Esse é um dos maiores fatores de opressão da mulher porque aquelas que querem exercer uma profissão e seguir uma carreira, ou aquela que precisa trabalhar fora para poder sustentar a casa, deve arcar com a dupla jornada. Depois de um dia de trabalho na fábrica, como operária, na escola, como professora, ou em outro emprego qualquer, a mulher volta para casa e deve ainda enfrentar horas estafantes de trabalho doméstico.
O capitalista se apropria desse trabalho não-pago para aumentar suas ganâncias e manter as mulheres superexploradas, recebendo menores salários – o salário da mulher é sempre considerado complementar ao do homem – e sendo uma parte fundamental do exército industrial de reserva, sempre pronta para ser empregada ou desempregada conforme as necessidades do capital.

As mulheres negras, jovens e imigrantes sofrem em dobro essa carga de exploração, porque ela se combina com a enorme opressão que pesa sobre seus ombros, o que as torna mais susceptíveis ao desemprego e à semi-escravidão.

Na África, milhões de mulheres jovens são brutalmente agredidas a cada ano com as práticas da mutilação genital. Na América Latina, milhões de mulheres vivem em favelas, sem as mínimas condições de criar dignamente os seus filhos, expostos a todo tipo de doenças e agressões. Em todos os países do mundo, a violência contra a mulher avança sem cessar. A cada 4 minutos uma mulher é agredida em sua própria casa pelo marido, o pai, o irmão ou o companheiro.

Outro fator de opressão para a mulher trabalhadora e pobre é situação da família. A propaganda exalta a família, como sendo o pilar básico da sociedade moderna. Mas as mulheres trabalhadoras e pobres estão vendo a cada dia suas famílias destroçadas e divididas. O afã de extrair a maior quantidade de lucro possível, explorando e superexplorando os trabalhadores, sejam homens, mulheres ou crianças e inclusive a povos inteiros, está destruindo a família do trabalhador. A busca pelo emprego e melhores condições de vida provoca os movimentos migratórios; a violência urbana leva à morte milhões de jovens nas grandes cidades, e tudo isso é motivo de desintegração das famílias trabalhadoras, com sua conseqüente carga de infelicidade e abandono.

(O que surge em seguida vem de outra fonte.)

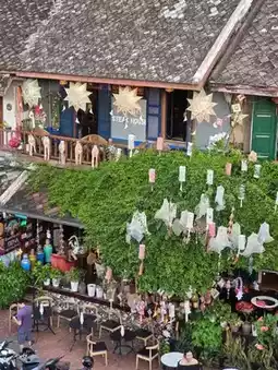 Maison Sam San is a rooftop café and bar in Luang Prabang, praised for its stunning views of the old town. It's an ideal spot for sipping tea or cocktails while enjoying the sunset. The ground floor features Lao artists' handcrafted products, while the top floor houses the Rooftop Tea House & Bar, offering high-quality organic teas and creative cocktails made with local ingredients. Conveniently located in the heart of Luang Prabang, this venue is perfect for relaxation and socializing.

A luta pela sobrevivência e a falta de perspectiva futura continuam levando milhões de mulheres à prostituição, a uma vida arriscada, de convívio com a criminalidade e a destruição da auto-estima.

E a mesma mídia que exalta a “emancipação da mulher” e a que continua tratando-a como um objeto sexual, um produto de consumo. Como a mulher pode ser emancipada se é comparada a uma garrafa de cerveja, a uma máquina como o automóvel de luxo ou um telefone celular? Os padrões de beleza impostos pela indústria, no seu afã de vender seus produtos, ainda continuam levando milhões de mulheres ao desespero, a doenças como a anorexia, à morte em clínicas de cirurgia plástica. Tudo isso representa um agravamento sem precedentes na carga de opressão que a cada dia pesa sobre os ombros das mulheres.